Home   > Blog   > Big Data with AWS Series - Data Ingestion

Big Data with AWS Series - Data Ingestion


Data ingestion is the process of transporting data from one or more sources to a target site for further processing and analysis. This data can originate from a range of sources, including data lakes, IoT devices, on-premises databases, and SaaS apps, and end up in different target environments, such as cloud data warehouses or data marts.

Now,let us understand few important concepts about Data ingestion:


AWS IoT provides the cloud services that connect your IoT devices to other devices and AWS cloud services. AWS IoT provides device software that can help you integrate your IoT devices into AWS IoT-based solutions. If your devices can connect to AWS IoT, AWS IoT can connect them to the cloud services that AWS provides.


Features :

AWS IoT Device SDK :
The AWS IoT Device SDK gives the easiest way to connect your hardware device or your mobile application to AWS IoT Core. The AWS IoT Device SDK enables your devices to connect, authenticate, and exchange messages with AWS IoT Core using the MQTT, HTTP, or WebSockets protocols.

Device Advisor :
Device Advisor is a fully managed cloud-based test capability for validating IoT devices during development. It provides pre-built tests that helps developers to validate their IoT devices for reliable and secure connectivity with AWS IoT Core. Developers use this to test if their IoT devices can reliably interoperate with AWS IoT Core and follow security best practices.

Device Gateway :
The Device Gateway serves as the entry point for IoT devices connecting to AWS. It manages all active device connections and implements semantics for multiple protocols to ensure that devices are able to securely and efficiently communicate with AWS IoT Core. Currently the Device Gateway supports the MQTT, WebSockets, and HTTP 1.1 protocols.

Message Broker :
The Message Broker is a high throughput pub/sub message broker that securely transmits messages to and from all of your IoT devices and applications with low latency. It's flexible nature allows you to send messages to, or receive messages from, as many devices as you would like.

Registry :
The Registry establishes an identity for devices and tracks metadata such as the devices' attributes and capabilities. The Registry assigns a unique identity to each device that is consistently formatted regardless of the type of device or how it connects.

Advantages :


2 . Lambda Function :

Lambda Function is a compute service that lets you run code without provisioning or managing servers. You can create Lambda functions and add them as actions in your pipelines. Because Lambda allows you to write functions to perform almost any task, you can customize the way your pipeline works.

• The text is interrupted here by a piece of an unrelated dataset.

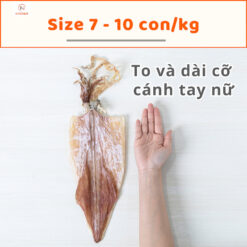 Khô mực size 7-10 con/kg: nhìn hình là anh chị thấy con mực to và dài thế nào rồi. Chỉ tính riêng thân mực cũng dài bằng cánh tay nữ.

Scaling : Lambda manages the infrastructure that runs your code, and scales automatically in response to incoming requests.

Concurrency Controls : Use concurrency settings to ensure that your production applications are highly available and highly responsive.If you want to prevent a function from using too much concurrency, and to reserve a portion of your account's available concurrency for a function, then use reserved concurrency. Reserved concurrency splits the pool of available concurrency into subsets. A function with reserved concurrency only uses concurrency from its dedicated pool.

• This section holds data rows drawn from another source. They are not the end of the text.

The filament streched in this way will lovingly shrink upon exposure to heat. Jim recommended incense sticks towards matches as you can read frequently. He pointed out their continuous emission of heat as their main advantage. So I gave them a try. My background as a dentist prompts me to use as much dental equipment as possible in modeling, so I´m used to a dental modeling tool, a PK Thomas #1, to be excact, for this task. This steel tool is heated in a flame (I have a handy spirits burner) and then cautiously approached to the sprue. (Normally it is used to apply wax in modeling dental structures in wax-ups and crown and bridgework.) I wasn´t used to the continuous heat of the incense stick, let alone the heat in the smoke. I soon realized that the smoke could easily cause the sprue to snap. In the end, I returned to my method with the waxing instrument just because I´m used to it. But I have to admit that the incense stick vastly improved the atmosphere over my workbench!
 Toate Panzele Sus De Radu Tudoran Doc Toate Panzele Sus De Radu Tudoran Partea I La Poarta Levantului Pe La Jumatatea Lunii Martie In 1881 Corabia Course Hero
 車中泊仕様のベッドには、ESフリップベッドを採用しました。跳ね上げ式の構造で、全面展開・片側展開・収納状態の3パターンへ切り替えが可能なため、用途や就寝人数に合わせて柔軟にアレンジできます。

Function URLs : Lambda offers built-in HTTP(S) endpoint support through function URLs. With function URLs, you can assign a dedicated HTTP endpoint to your Lambda function.

Asynchronous Invocation : With asynchronous invocation of function, Lambda queues the event for processing and returns a response immediately.

Advantages :


3 . Kinesis Streams

Kinesis Data Streams is a serverless streaming data service that makes it easy to capture, process, and store data streams at any scale.

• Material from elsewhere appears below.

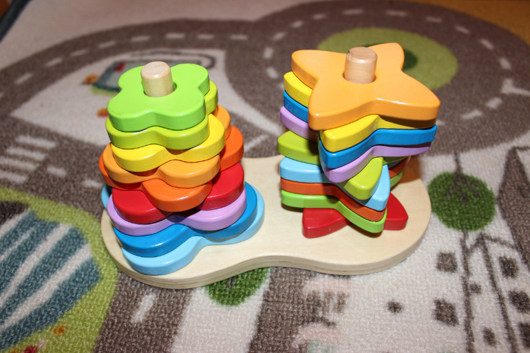 Как и всегда, Hape яркий и красивый. Хорошая пирамидка, деталей много, вариантов сборки тоже)

Serverless : There are no servers to manage with Amazon Kinesis Data Streams. The on-demand mode further removes the need to provision or manage throughput by automatically scaling capacity when there is an increase in workload traffic. You can get started with Kinesis Data Streams with a few clicks from the AWS Management Console.

Highly available and durable : Synchronously replicate your streaming data across three Availability Zones (AZs) in an AWS Region, and store that data for up to 365 days to provide multiple layers of data loss protection.

Low latency : Make your streaming data available to multiple real-time analytics applications, to Amazon Kinesis Data Analytics, or to AWS Lambda within 70 milliseconds of being collected.

Dedicated throughput per consumer : You can attach up to 20 consumers to your Kinesis data stream, each with its own dedicated read throughput.

Advanatages :

Applications: Even if you use Kinesis Data Streams to solve a variety of streaming data problems, a common use is the real-time aggregation of data followed by loading the aggregate data into a data warehouse or map-reduce cluster. The process goes like this.Initially,data is put into Kinesis data streams, which ensures durability and elasticity. Then,the delay between the time a record is put into the stream and the time it can be retrieved (put-to-get delay) is typically less than 1 second. In other words, a Kinesis Data Streams application can start consuming the data from the stream almost immediately after the data is added. The managed service aspect of Kinesis Data Streams relieves you of the operational burden of creating and running a data intake pipeline. You can create streaming map-reduce-type applications. The elasticity of Kinesis Data Streams enables you to scale the stream up or down, so that you never lose data records before they expire.